━━ MATERIAL FOR THE TASK

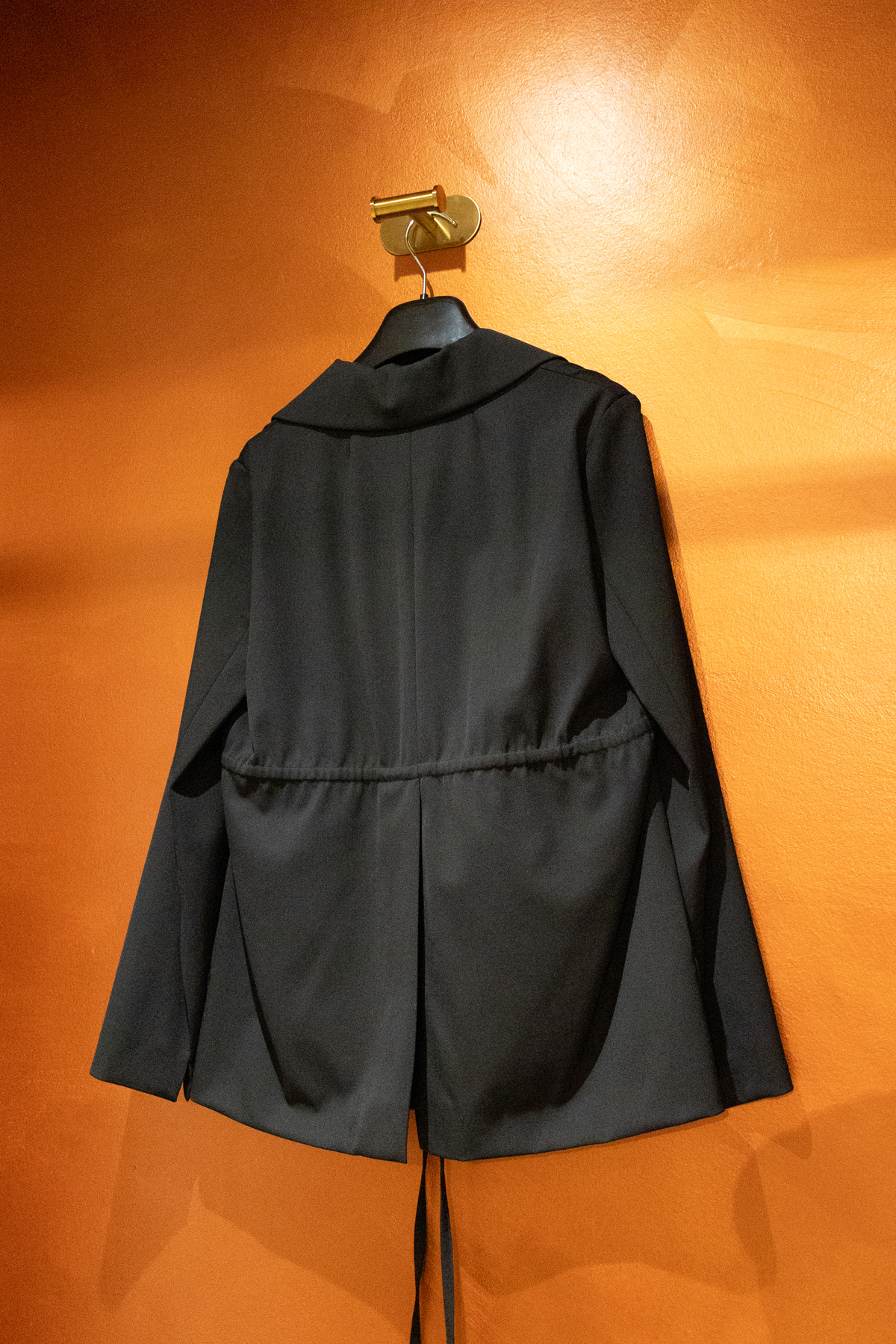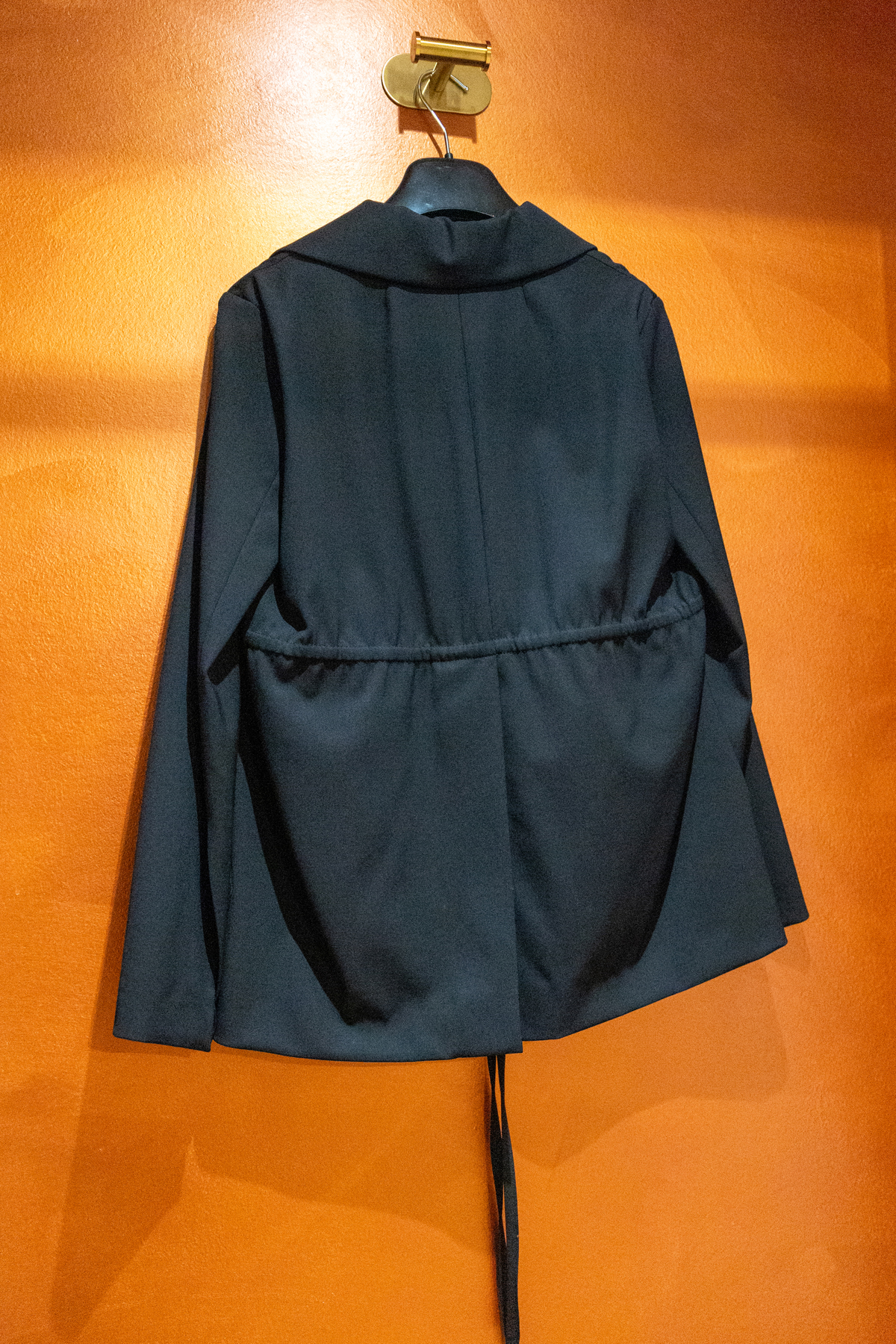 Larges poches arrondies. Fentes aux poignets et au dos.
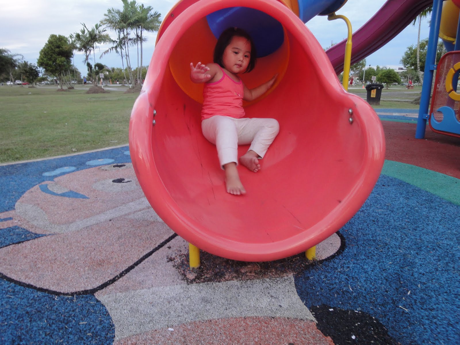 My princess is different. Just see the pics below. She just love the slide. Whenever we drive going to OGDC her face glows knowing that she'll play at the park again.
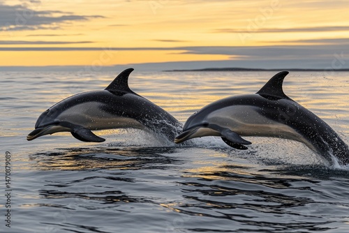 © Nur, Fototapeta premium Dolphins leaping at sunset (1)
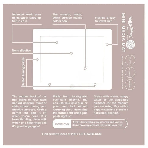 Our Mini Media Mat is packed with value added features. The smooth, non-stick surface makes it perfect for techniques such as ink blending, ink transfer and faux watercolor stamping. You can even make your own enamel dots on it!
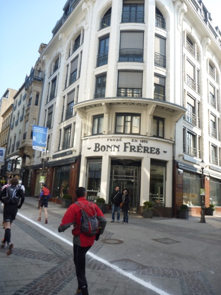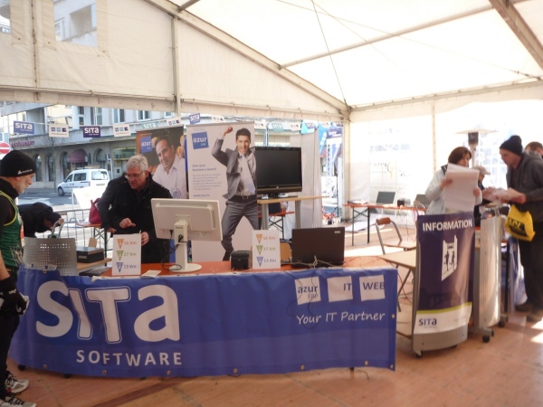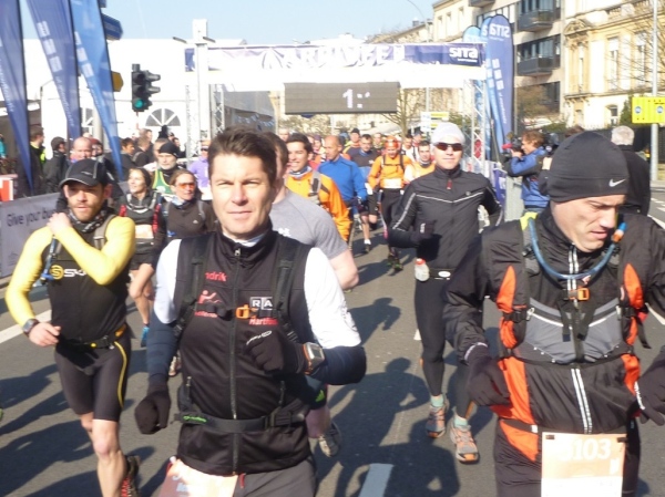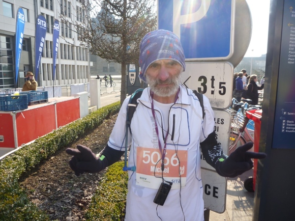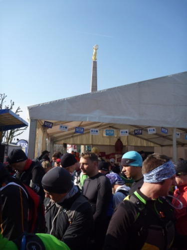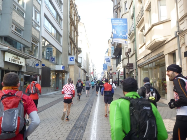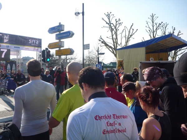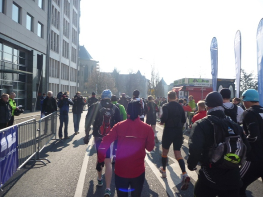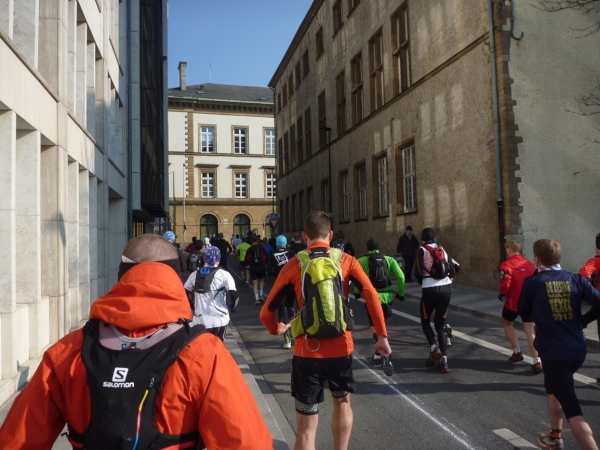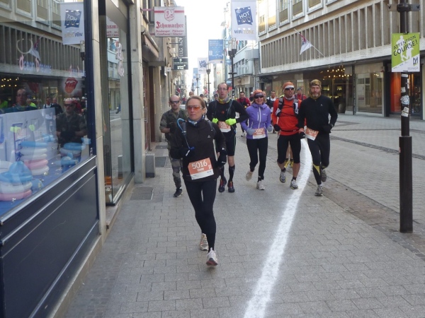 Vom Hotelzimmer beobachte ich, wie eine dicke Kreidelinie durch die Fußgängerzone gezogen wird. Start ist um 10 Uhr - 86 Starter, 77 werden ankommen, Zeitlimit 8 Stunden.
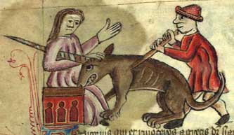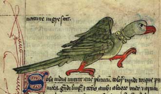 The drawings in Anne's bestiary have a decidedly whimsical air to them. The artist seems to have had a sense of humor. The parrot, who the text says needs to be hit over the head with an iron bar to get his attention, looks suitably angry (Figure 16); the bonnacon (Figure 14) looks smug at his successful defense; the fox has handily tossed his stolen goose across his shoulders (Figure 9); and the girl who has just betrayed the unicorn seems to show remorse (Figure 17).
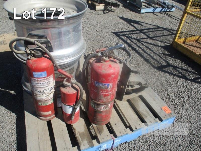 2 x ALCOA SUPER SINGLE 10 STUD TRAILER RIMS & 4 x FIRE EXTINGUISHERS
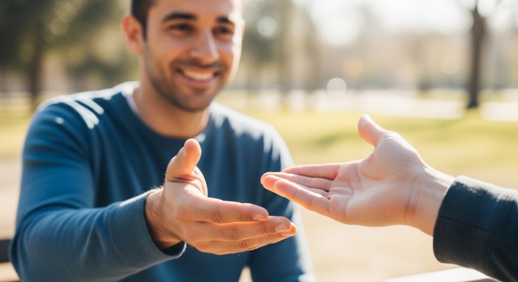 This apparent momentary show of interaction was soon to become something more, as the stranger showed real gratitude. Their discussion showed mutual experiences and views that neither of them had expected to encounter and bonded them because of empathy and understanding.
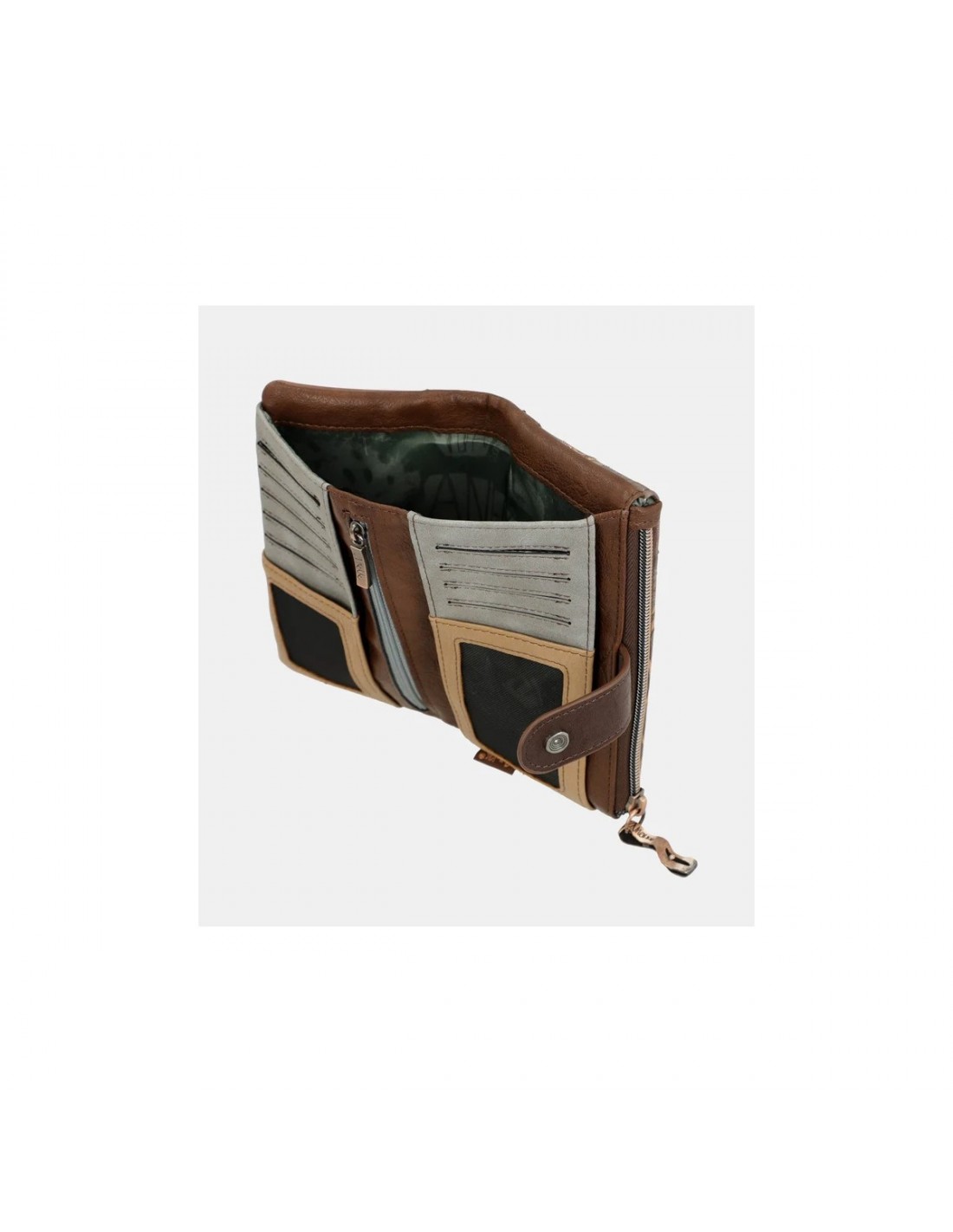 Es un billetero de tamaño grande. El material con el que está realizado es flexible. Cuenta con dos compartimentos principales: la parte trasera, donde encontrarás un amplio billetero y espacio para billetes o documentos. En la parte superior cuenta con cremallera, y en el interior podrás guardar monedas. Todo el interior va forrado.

━━━━

### WORK TO BE COMPLETED
Give back the entries above exactly as they stand. Leave the images out.

### SOLUTION
 Larges poches arrondies. Fentes aux poignets et au dos.
 My princess is different. Just see the pics below. She just love the slide. Whenever we drive going to OGDC her face glows knowing that she'll play at the park again.
 © Nur, Fototapeta premium Dolphins leaping at sunset (1)
 Our Mini Media Mat is packed with value added features. The smooth, non-stick surface makes it perfect for techniques such as ink blending, ink transfer and faux watercolor stamping. You can even make your own enamel dots on it!
 Vom Hotelzimmer beobachte ich, wie eine dicke Kreidelinie durch die Fußgängerzone gezogen wird. Start ist um 10 Uhr - 86 Starter, 77 werden ankommen, Zeitlimit 8 Stunden.
 The drawings in Anne's bestiary have a decidedly whimsical air to them. The artist seems to have had a sense of humor. The parrot, who the text says needs to be hit over the head with an iron bar to get his attention, looks suitably angry (Figure 16); the bonnacon (Figure 14) looks smug at his successful defense; the fox has handily tossed his stolen goose across his shoulders (Figure 9); and the girl who has just betrayed the unicorn seems to show remorse (Figure 17).
 2 x ALCOA SUPER SINGLE 10 STUD TRAILER RIMS & 4 x FIRE EXTINGUISHERS
 This apparent momentary show of interaction was soon to become something more, as the stranger showed real gratitude. Their discussion showed mutual experiences and views that neither of them had expected to encounter and bonded them because of empathy and understanding.
 Es un billetero de tamaño grande. El material con el que está realizado es flexible. Cuenta con dos compartimentos principales: la parte trasera, donde encontrarás un amplio billetero y espacio para billetes o documentos. En la parte superior cuenta con cremallera, y en el interior podrás guardar monedas. Todo el interior va forrado.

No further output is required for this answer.